### Task brief
From the records below, transcribe only the lines running from the one with "两腿稍开立,双手叉腰,1-2拍向左侧做转身运动,3-4拍向右侧做转身运动。" through the one with "(فَلَمَّا جاءَهُمْ نَذِيرٌ". Keep both of those end lines.

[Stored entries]
::::::

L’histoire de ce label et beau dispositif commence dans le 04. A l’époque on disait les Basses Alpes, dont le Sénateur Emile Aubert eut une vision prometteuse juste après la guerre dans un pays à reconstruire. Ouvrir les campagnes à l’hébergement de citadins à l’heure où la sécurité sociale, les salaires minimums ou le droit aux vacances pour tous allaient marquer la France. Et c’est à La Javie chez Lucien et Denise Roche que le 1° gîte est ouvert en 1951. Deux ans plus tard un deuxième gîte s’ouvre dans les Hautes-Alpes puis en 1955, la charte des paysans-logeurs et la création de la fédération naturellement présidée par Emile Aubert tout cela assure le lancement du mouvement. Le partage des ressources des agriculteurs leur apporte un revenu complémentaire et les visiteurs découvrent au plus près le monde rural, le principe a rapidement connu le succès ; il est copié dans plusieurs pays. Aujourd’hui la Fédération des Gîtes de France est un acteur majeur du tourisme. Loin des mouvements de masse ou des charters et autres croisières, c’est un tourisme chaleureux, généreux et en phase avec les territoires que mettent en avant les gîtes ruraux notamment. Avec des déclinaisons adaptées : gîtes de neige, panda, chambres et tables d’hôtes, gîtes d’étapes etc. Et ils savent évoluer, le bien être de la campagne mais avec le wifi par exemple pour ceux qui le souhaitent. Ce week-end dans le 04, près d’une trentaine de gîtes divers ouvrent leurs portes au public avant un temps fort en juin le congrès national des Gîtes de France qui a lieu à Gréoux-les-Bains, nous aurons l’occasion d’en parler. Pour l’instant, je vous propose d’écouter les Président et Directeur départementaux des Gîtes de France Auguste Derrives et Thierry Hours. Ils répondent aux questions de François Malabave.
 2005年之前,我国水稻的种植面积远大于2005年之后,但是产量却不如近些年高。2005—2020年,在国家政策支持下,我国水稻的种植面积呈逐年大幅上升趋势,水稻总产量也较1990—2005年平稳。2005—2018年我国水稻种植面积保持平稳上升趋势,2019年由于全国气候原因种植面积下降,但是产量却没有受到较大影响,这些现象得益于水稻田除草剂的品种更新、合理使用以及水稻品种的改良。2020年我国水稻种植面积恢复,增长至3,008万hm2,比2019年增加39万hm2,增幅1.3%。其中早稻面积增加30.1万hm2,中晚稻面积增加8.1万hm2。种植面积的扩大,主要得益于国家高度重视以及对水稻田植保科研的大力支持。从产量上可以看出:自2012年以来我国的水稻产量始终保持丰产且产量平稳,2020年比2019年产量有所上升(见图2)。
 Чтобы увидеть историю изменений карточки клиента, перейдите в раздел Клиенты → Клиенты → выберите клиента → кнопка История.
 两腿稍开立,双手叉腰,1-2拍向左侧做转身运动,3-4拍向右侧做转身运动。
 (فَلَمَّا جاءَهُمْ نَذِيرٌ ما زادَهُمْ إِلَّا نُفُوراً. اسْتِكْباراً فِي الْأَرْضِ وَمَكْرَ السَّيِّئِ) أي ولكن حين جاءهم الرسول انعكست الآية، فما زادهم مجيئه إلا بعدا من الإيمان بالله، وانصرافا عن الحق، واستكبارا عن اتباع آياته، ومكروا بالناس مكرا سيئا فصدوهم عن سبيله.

::::::

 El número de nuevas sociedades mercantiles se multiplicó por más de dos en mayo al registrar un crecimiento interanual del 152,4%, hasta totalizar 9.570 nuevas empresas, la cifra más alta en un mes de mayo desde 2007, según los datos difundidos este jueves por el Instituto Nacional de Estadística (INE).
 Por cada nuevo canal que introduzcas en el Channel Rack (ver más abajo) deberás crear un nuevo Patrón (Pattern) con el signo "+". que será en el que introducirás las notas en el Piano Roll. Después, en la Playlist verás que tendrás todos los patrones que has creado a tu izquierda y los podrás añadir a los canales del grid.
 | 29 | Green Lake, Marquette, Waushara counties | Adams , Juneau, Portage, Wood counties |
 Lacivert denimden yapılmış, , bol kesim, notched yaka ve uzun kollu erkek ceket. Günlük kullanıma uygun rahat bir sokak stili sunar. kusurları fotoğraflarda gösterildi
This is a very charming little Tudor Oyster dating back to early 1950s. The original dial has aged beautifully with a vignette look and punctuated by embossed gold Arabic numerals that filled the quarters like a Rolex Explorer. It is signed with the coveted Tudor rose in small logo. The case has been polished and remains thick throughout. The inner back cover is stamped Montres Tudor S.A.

::::::

### Your response
 两腿稍开立,双手叉腰,1-2拍向左侧做转身运动,3-4拍向右侧做转身运动。
 (فَلَمَّا جاءَهُمْ نَذِيرٌ ما زادَهُمْ إِلَّا نُفُوراً. اسْتِكْباراً فِي الْأَرْضِ وَمَكْرَ السَّيِّئِ) أي ولكن حين جاءهم الرسول انعكست الآية، فما زادهم مجيئه إلا بعدا من الإيمان بالله، وانصرافا عن الحق، واستكبارا عن اتباع آياته، ومكروا بالناس مكرا سيئا فصدوهم عن سبيله.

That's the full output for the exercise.